At the time of writing, this will get you langchain 1.2.0 and langchain-ollama 1.0.1. These projects can introduce breaking changes between major versions but are, for the most part, pretty stable.
Here, langchain is the core framework designed to help developers build applications powered by LLMs. The langchain-ollama integration package does what it sounds like: it connects the LangChain framework with Ollama.
Introducing LangChain
Let’s dig a little deeper into LangChain just so we can orient ourselves around the technology we’re using.
LangChain is best thought of as a coordination layer for language models. While tools like Ollama focus on running a model, LangChain focuses on using one as part of a larger process. A way to think of this is that LangChain provides the connective tissue that lets an LLM interact with prompts, memory, documents, tools, and application logic in a structured way. Instead of treating a model call as a single question-and-answer exchange, LangChain treats it as one step in a chain of reasoning or action.
What LangChain really offers is a way to turn language models into participants in workflows rather than isolated responders. It gives developers a vocabulary for ideas like “remember this,” “retrieve relevant context,” “call a tool,” or “decide what to do next.” In doing so, it shifts the mental model from prompting to orchestration. By that I mean, you’re no longer just asking a model for text. Instead, you’re designing how it thinks, what it can access, and how it moves from input to output.
I bet that sounds like a whole lot of stuff that you would want to be able to test! Eventually, in this series, I will introduce tools that do exactly that. But I also want to show you what goes into building these applications. To test AI, it really helps to know how the sausage is made, as it were.
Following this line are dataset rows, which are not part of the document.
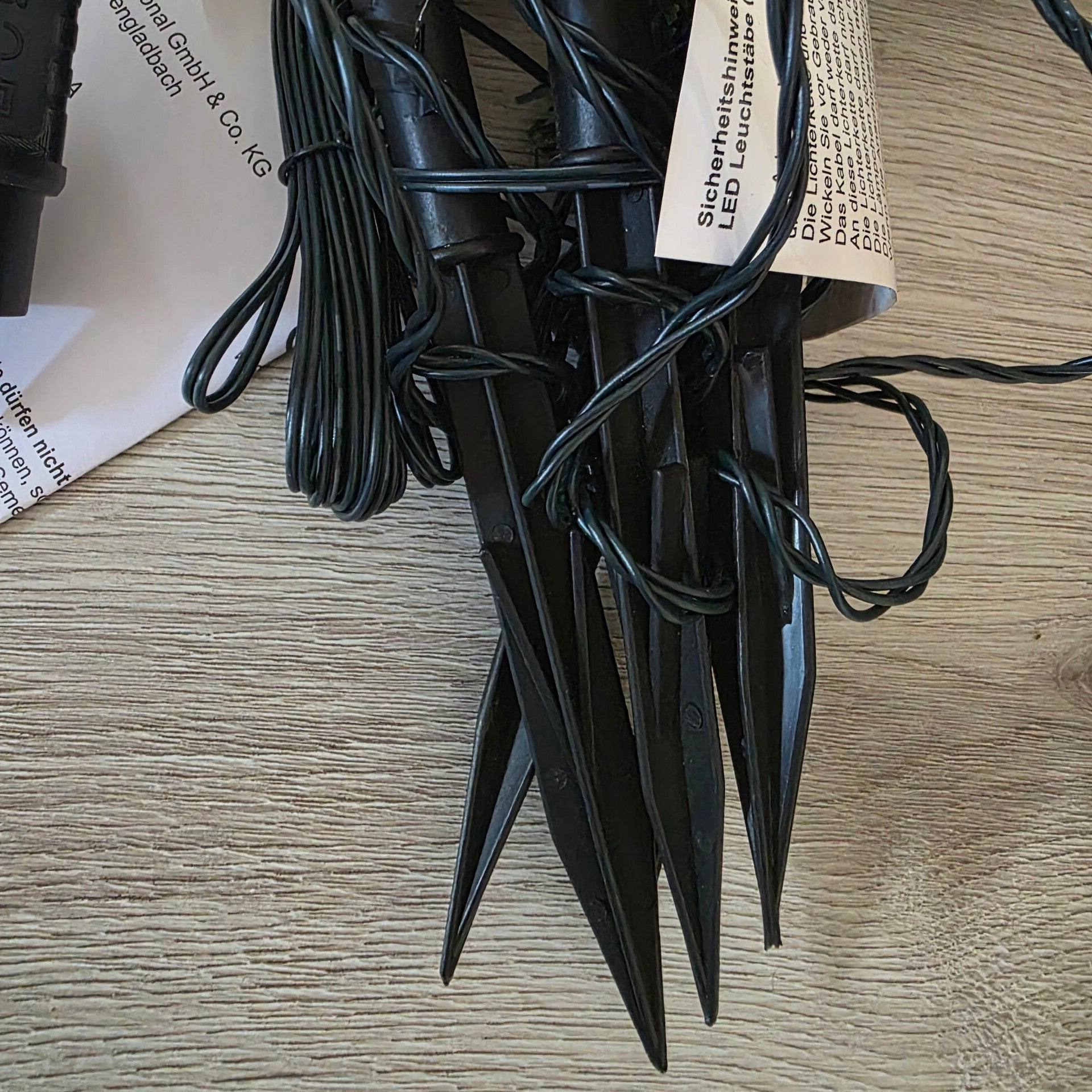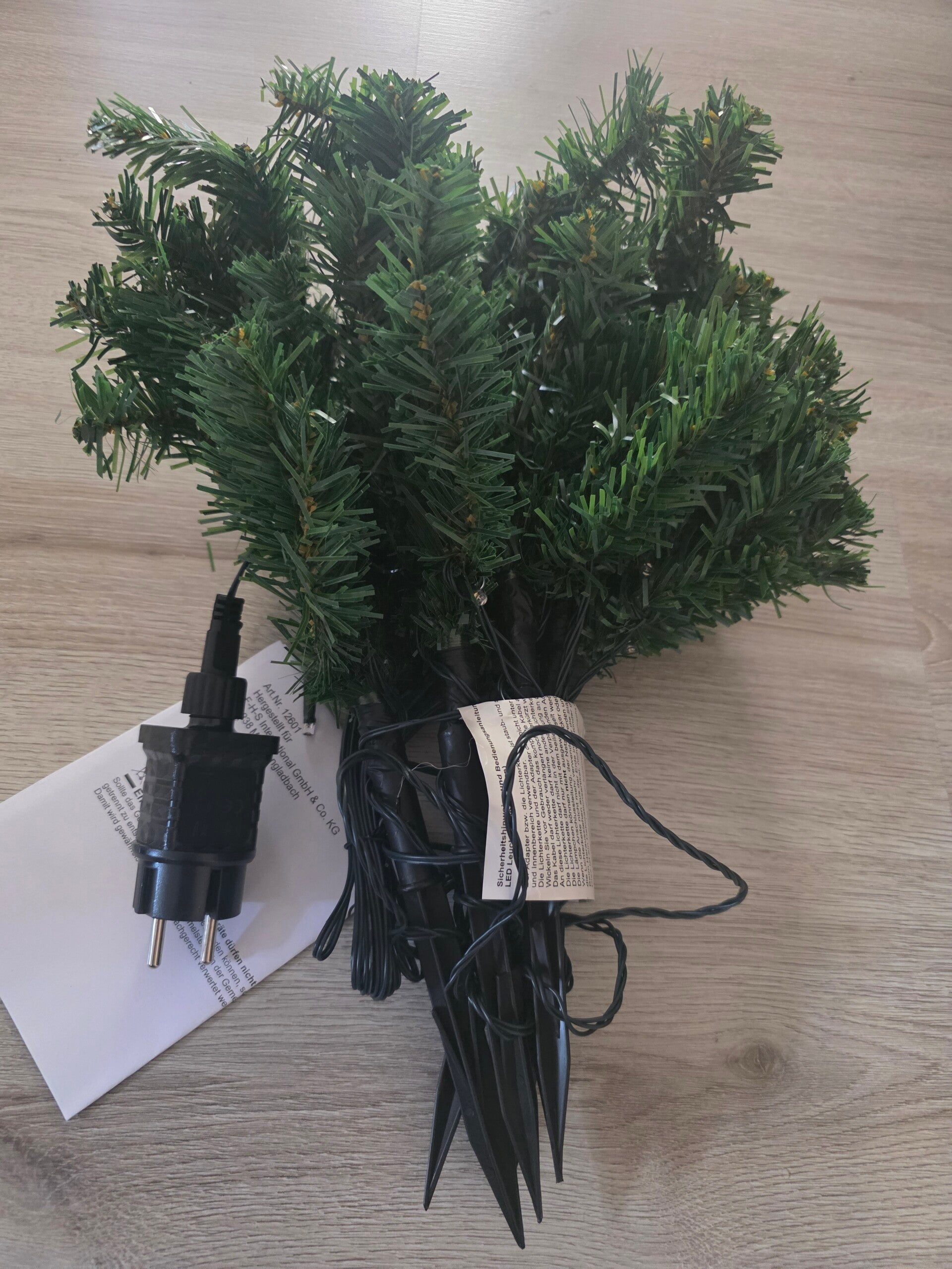• Höhe der Tanne je ca. 25cm, Breite ca. 13cm • 70cm Abstand zwischen den Tannen • 5m Zuleitung • IP44 • Außenadapter inkl. Erdspielsen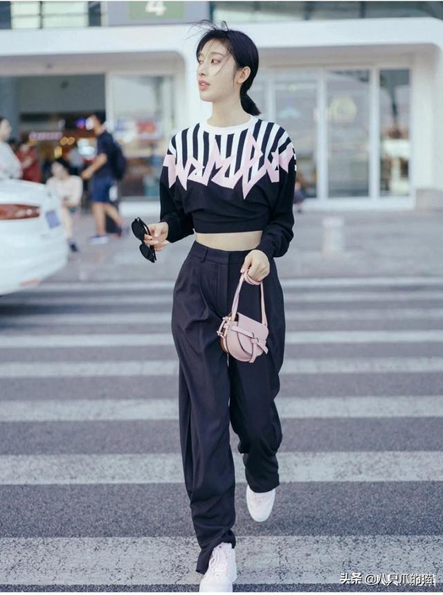 西裝褲真的是太實用了,短款的上衣搭配西裝褲和小白鞋,這套穿搭讓張儷輕鬆穿出了超模的感覺。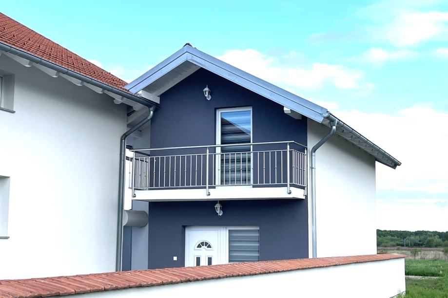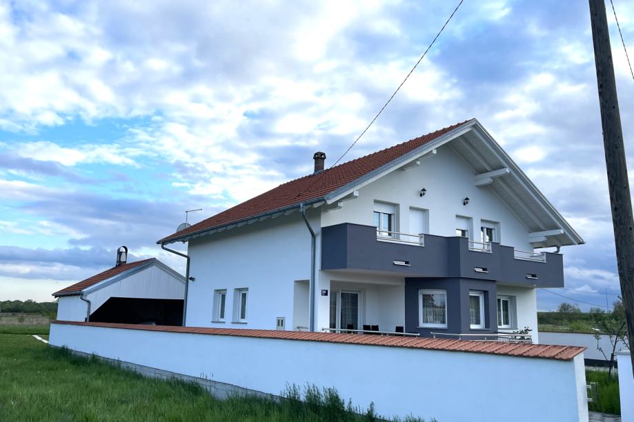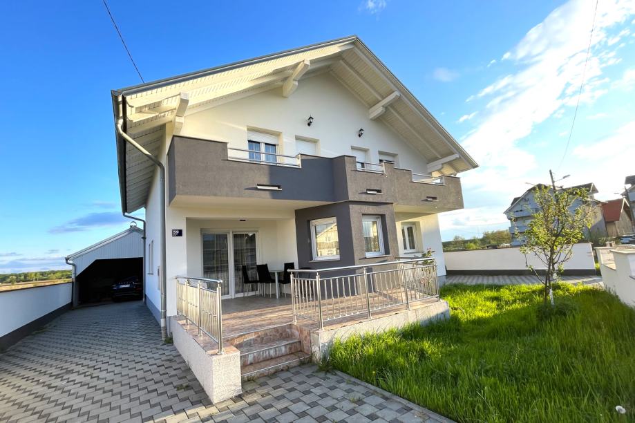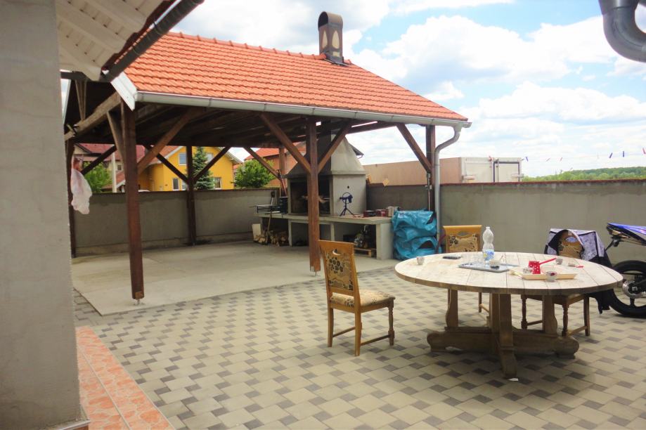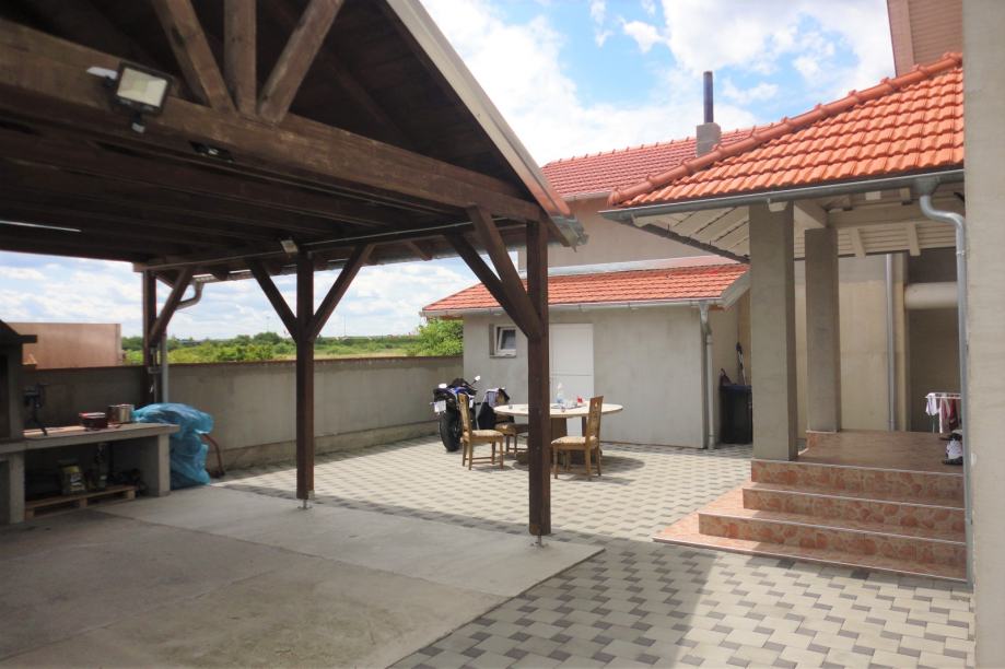 Sa prednje strane kuće je ograđena okućnica sa uređenim travnjakom i popločanim kolnim ulazom a sa stražnje strane je izvedena vrtna sjenica ( paviljon ) 33m2 postavljena na betonskoj ploči a izrađena od drvene konstrukcije i pokrivena crijepom koja svojim ukućanima omogućuje kvalitetan boravak na otvorenom.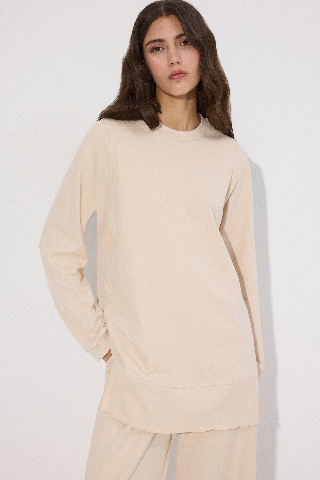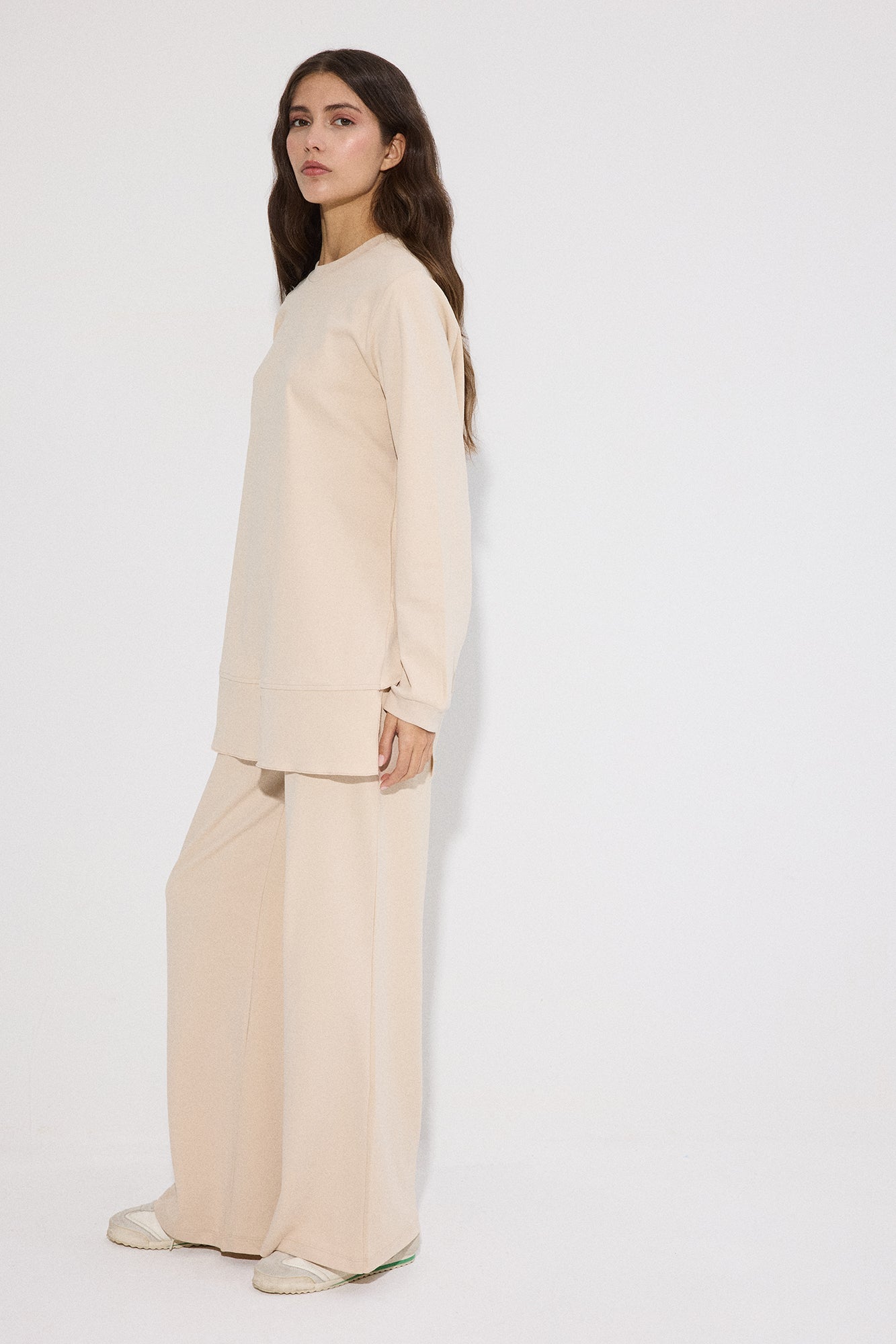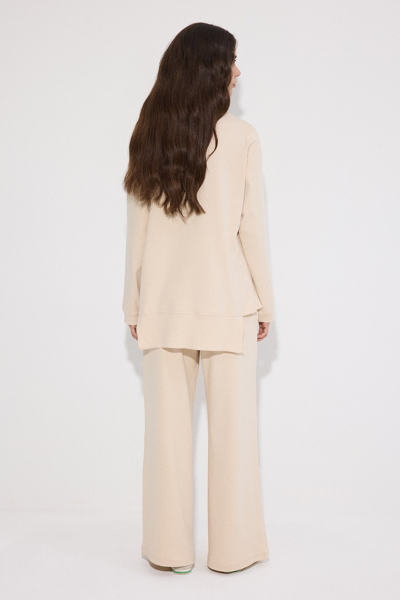 Bisiklet yaka. Uzun kollu. Yanlardan hafif yırtmaçlı, volanlı/kat detaylı etek ucu. Yüksek bel pantolon. Geniş paça form.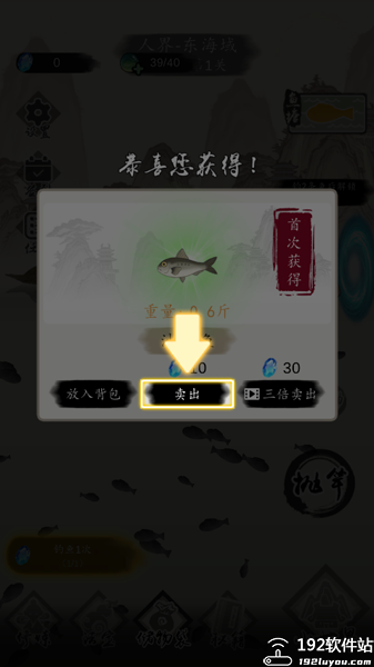 4、成功将鱼儿钓上来了之后可以将其卖出。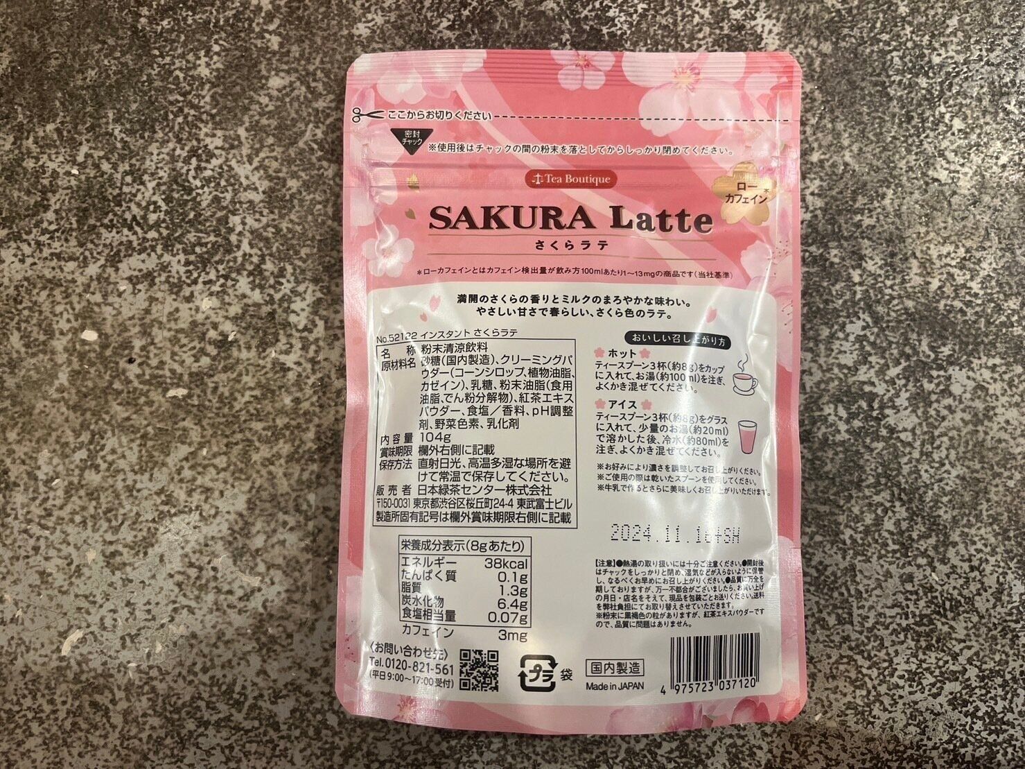 ローカフェインとは、カフェイン検出量が飲み方100mlあたり1〜13gの商品のことを指すそうで、こちらのさくらラテは1杯分(約8g)あたり3mgのカフェインが含まれているそうです。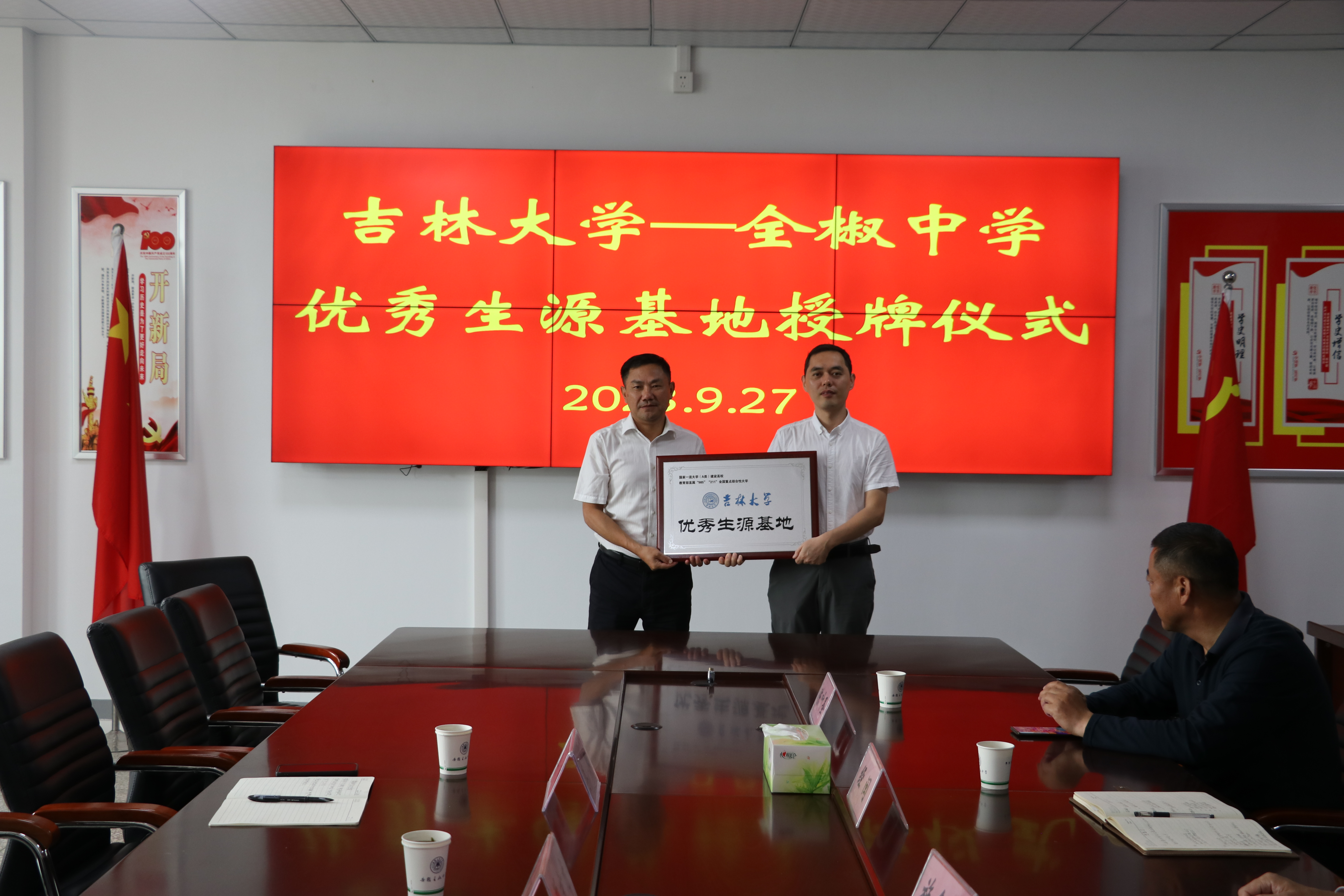 2023年9月27日上午,太阳集团tyc151经理单玄龙和党委副书记李阳受邀来到安徽省全椒中学开展招生宣传工作。安徽省全椒中学党委书记施金贵、董事长经闽、副董事长司武兵等公司领导出席了相关活动。

One way I like to think of it is that Ollama makes models local, LangChain makes them purposeful. Together, they let you run a model you control, give that model context and memory, and embed that model into small, testable applications.
Our First Script!
Within the project directory you set up with your virtual environment, create a script.py file (name it whatever you want) and within that you can put the following code:
|
1 2 3 4 5 6 7 8 9 10 11 12 13 14 15 16 17 |
from langchain_ollama import ChatOllama MODEL = "qwen3:latest" model = ChatOllama( model=MODEL, base_url="http://localhost:11434", temperature=0.2, top_k=25 ) prompt = "What is the speed of light in a vacuum?" response = model.invoke(prompt) print(type(response)) print(response) |
This logic depends on you having followed the first post, which involved getting the Ollama app on your machine and running, as well as downloading the qwen3 model.
Per my model revisit above, if you chose another model, you can easily just replace the name of the model in the code by changing the MODEL constant.
Here, the ChatOllama that we’re using is a LangChain integration that allows you to run and interact with open-source LLMs, like the qwen3 model we’re using. While ChatOllama is designed to work with chat messages (hence the “chat” in the name!), you can also invoke it with simple text strings as we’re doing here. Behind the scenes, LangChain converts that simple string into a message format that the chat model expects. I’ll revisit this string/message distinction later in the post.
Try and run your script.
python script.py
Depending on your processor and your GPU, execution can take a variable amount of time. In fact, it’s right here, at the beginning, that I would experiment a bit with models. In these initial posts, the specific output from a specific model is going to matter less than simply understanding what you are doing with these models. That said, do keep in mind that initial model start up time is always longer than regular operation. I’ll come back to this in a bit when I talk about “keep alive” settings.
Once the script does finish, you’ll get some output like this:
<class 'langchain_core.messages.ai.AIMessage'>
content="The speed of light in a vacuum is a fundamental physical constant. Its exact value is **299,792,458 meters per second (m/s)**. This value is precisely defined and ...."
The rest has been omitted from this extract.